■ **EXERCISE DESCRIPTION**
Verbatim copy without images: return all of the data as it stands.

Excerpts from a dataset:
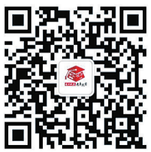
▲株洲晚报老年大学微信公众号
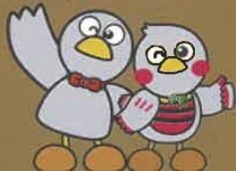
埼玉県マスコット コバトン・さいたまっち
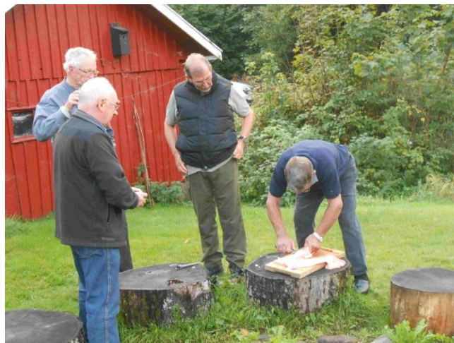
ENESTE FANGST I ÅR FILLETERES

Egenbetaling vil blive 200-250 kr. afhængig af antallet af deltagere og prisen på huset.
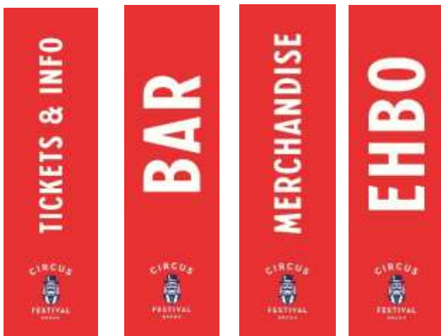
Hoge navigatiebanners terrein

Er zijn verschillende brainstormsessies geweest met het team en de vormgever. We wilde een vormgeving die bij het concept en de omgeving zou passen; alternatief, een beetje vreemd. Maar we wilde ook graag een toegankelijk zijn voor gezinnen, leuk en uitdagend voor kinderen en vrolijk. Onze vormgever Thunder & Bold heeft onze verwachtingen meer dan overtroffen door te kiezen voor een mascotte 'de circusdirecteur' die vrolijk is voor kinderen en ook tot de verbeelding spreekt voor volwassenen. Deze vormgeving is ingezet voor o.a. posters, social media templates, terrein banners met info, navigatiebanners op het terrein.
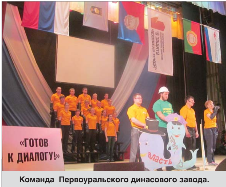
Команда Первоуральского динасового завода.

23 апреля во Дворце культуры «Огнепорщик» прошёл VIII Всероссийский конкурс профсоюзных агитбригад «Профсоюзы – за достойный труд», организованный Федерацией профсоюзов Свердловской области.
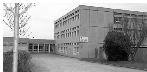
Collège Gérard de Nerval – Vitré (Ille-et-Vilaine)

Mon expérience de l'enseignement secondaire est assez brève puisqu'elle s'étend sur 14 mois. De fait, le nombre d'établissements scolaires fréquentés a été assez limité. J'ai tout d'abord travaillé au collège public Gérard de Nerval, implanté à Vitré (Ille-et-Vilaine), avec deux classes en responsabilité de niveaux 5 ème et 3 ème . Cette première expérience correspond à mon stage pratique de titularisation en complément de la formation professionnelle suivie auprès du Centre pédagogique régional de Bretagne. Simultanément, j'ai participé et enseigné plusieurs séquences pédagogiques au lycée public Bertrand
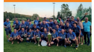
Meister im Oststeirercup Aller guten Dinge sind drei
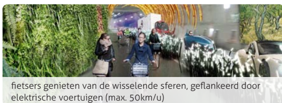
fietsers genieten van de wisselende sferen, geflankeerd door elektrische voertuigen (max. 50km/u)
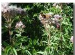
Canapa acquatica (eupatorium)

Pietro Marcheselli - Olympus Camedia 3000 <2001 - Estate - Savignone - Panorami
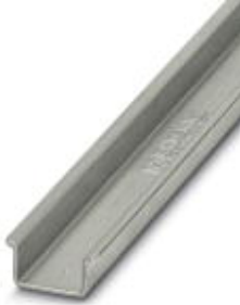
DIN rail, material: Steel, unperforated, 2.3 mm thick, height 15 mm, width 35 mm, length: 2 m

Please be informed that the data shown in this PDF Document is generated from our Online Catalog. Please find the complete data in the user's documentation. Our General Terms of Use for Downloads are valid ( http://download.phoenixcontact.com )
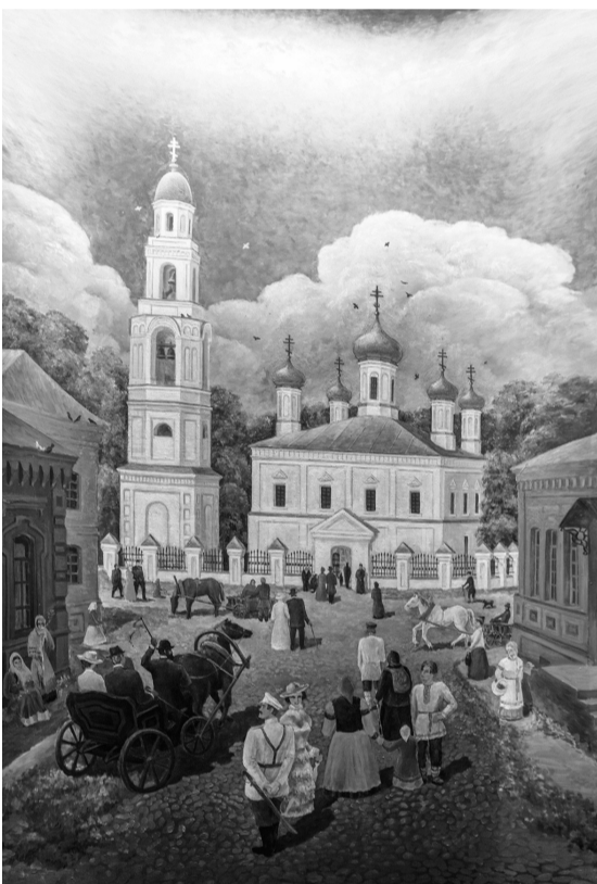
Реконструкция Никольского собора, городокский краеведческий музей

■ **OUTPUT BELOW**
▲株洲晚报老年大学微信公众号
埼玉県マスコット コバトン・さいたまっち
ENESTE FANGST I ÅR FILLETERES

Egenbetaling vil blive 200-250 kr. afhængig af antallet af deltagere og prisen på huset.
Hoge navigatiebanners terrein

Er zijn verschillende brainstormsessies geweest met het team en de vormgever. We wilde een vormgeving die bij het concept en de omgeving zou passen; alternatief, een beetje vreemd. Maar we wilde ook graag een toegankelijk zijn voor gezinnen, leuk en uitdagend voor kinderen en vrolijk. Onze vormgever Thunder & Bold heeft onze verwachtingen meer dan overtroffen door te kiezen voor een mascotte 'de circusdirecteur' die vrolijk is voor kinderen en ook tot de verbeelding spreekt voor volwassenen. Deze vormgeving is ingezet voor o.a. posters, social media templates, terrein banners met info, navigatiebanners op het terrein.
Команда Первоуральского динасового завода.

23 апреля во Дворце культуры «Огнепорщик» прошёл VIII Всероссийский конкурс профсоюзных агитбригад «Профсоюзы – за достойный труд», организованный Федерацией профсоюзов Свердловской области.
Collège Gérard de Nerval – Vitré (Ille-et-Vilaine)

Mon expérience de l'enseignement secondaire est assez brève puisqu'elle s'étend sur 14 mois. De fait, le nombre d'établissements scolaires fréquentés a été assez limité. J'ai tout d'abord travaillé au collège public Gérard de Nerval, implanté à Vitré (Ille-et-Vilaine), avec deux classes en responsabilité de niveaux 5 ème et 3 ème . Cette première expérience correspond à mon stage pratique de titularisation en complément de la formation professionnelle suivie auprès du Centre pédagogique régional de Bretagne. Simultanément, j'ai participé et enseigné plusieurs séquences pédagogiques au lycée public Bertrand
Meister im Oststeirercup Aller guten Dinge sind drei
fietsers genieten van de wisselende sferen, geflankeerd door elektrische voertuigen (max. 50km/u)
Canapa acquatica (eupatorium)

Pietro Marcheselli - Olympus Camedia 3000 <2001 - Estate - Savignone - Panorami
DIN rail, material: Steel, unperforated, 2.3 mm thick, height 15 mm, width 35 mm, length: 2 m

Please be informed that the data shown in this PDF Document is generated from our Online Catalog. Please find the complete data in the user's documentation. Our General Terms of Use for Downloads are valid ( http://download.phoenixcontact.com )
Реконструкция Никольского собора, городокский краеведческий музей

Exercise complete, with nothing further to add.